◆ Assignment ◆
Transcribe the listing below exactly, without pictures.

◆ Dataset excerpt ◆

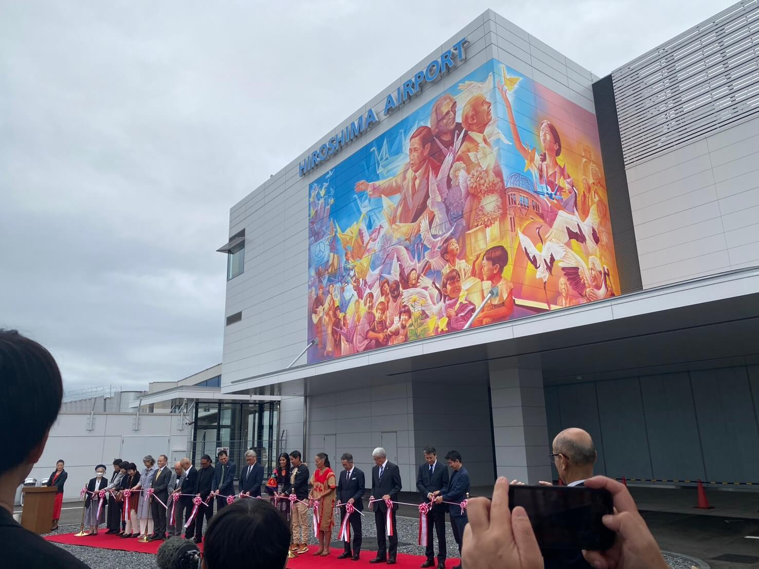 2025年10月15日、広島空港に、「核兵器のない世界」への願いを込めた巨大壁画が完成し、作者や被爆者の方々が出席する完成披露式が行われました。
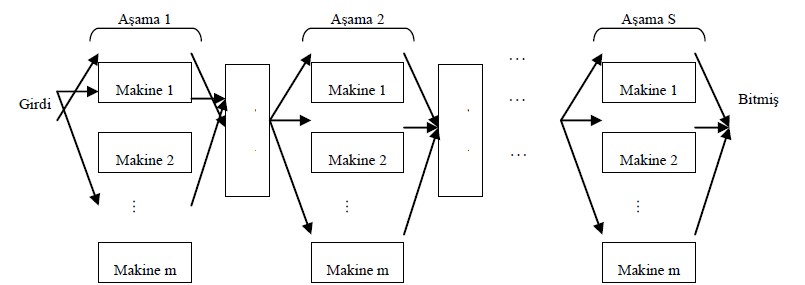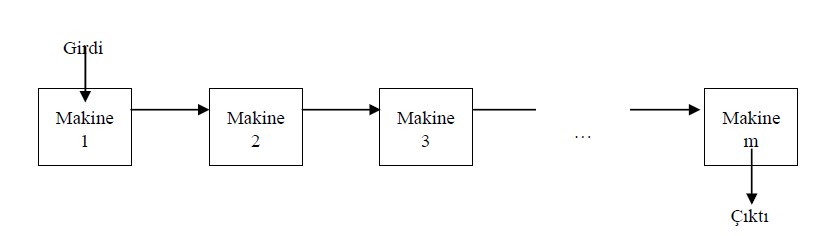 Akış tipi atölye düzenleri, makinelerin sıralı bir şekilde dizildiği ve işlerin belirli bir rota boyunca işlendiği üretim ortamlarını ifade eder. İşler, ilk makinede başlar, ara makinelerden geçer ve son makinede tamamlanır. Bu düzen genellikle akış tipi atölye olarak adlandırılsa da, gerçek üretim sistemleri genellikle daha karmaşık yapılara sahiptir. Akış tipi atölye çizelgelemesi, makinelerden belirli bir sıra ile geçmesi gereken işlere yönelik optimal bir çizelge oluşturmayı içerir. İşler, her makinede farklı işlem sürelerine sahip olabilir. Bu problem, iki temel bileşenden oluşur: m adet makine ve her biri aynı sırayla işlenecek ancak farklı işlem sürelerine sahip n adet iş.
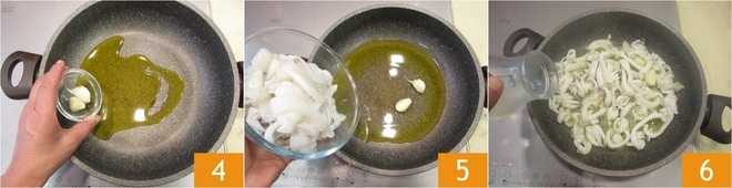 Añade dos dientes de ajo 4, deja que el aceite tome sabor y luego añade las sepias 5. Dora durante 2-3 minutos. Desglasa con el vino blanco 6 y deja evaporar toda la parte alcohólica.

◆ The answer ◆
 2025年10月15日、広島空港に、「核兵器のない世界」への願いを込めた巨大壁画が完成し、作者や被爆者の方々が出席する完成披露式が行われました。
 Akış tipi atölye düzenleri, makinelerin sıralı bir şekilde dizildiği ve işlerin belirli bir rota boyunca işlendiği üretim ortamlarını ifade eder. İşler, ilk makinede başlar, ara makinelerden geçer ve son makinede tamamlanır. Bu düzen genellikle akış tipi atölye olarak adlandırılsa da, gerçek üretim sistemleri genellikle daha karmaşık yapılara sahiptir. Akış tipi atölye çizelgelemesi, makinelerden belirli bir sıra ile geçmesi gereken işlere yönelik optimal bir çizelge oluşturmayı içerir. İşler, her makinede farklı işlem sürelerine sahip olabilir. Bu problem, iki temel bileşenden oluşur: m adet makine ve her biri aynı sırayla işlenecek ancak farklı işlem sürelerine sahip n adet iş.
 Añade dos dientes de ajo 4, deja que el aceite tome sabor y luego añade las sepias 5. Dora durante 2-3 minutos. Desglasa con el vino blanco 6 y deja evaporar toda la parte alcohólica.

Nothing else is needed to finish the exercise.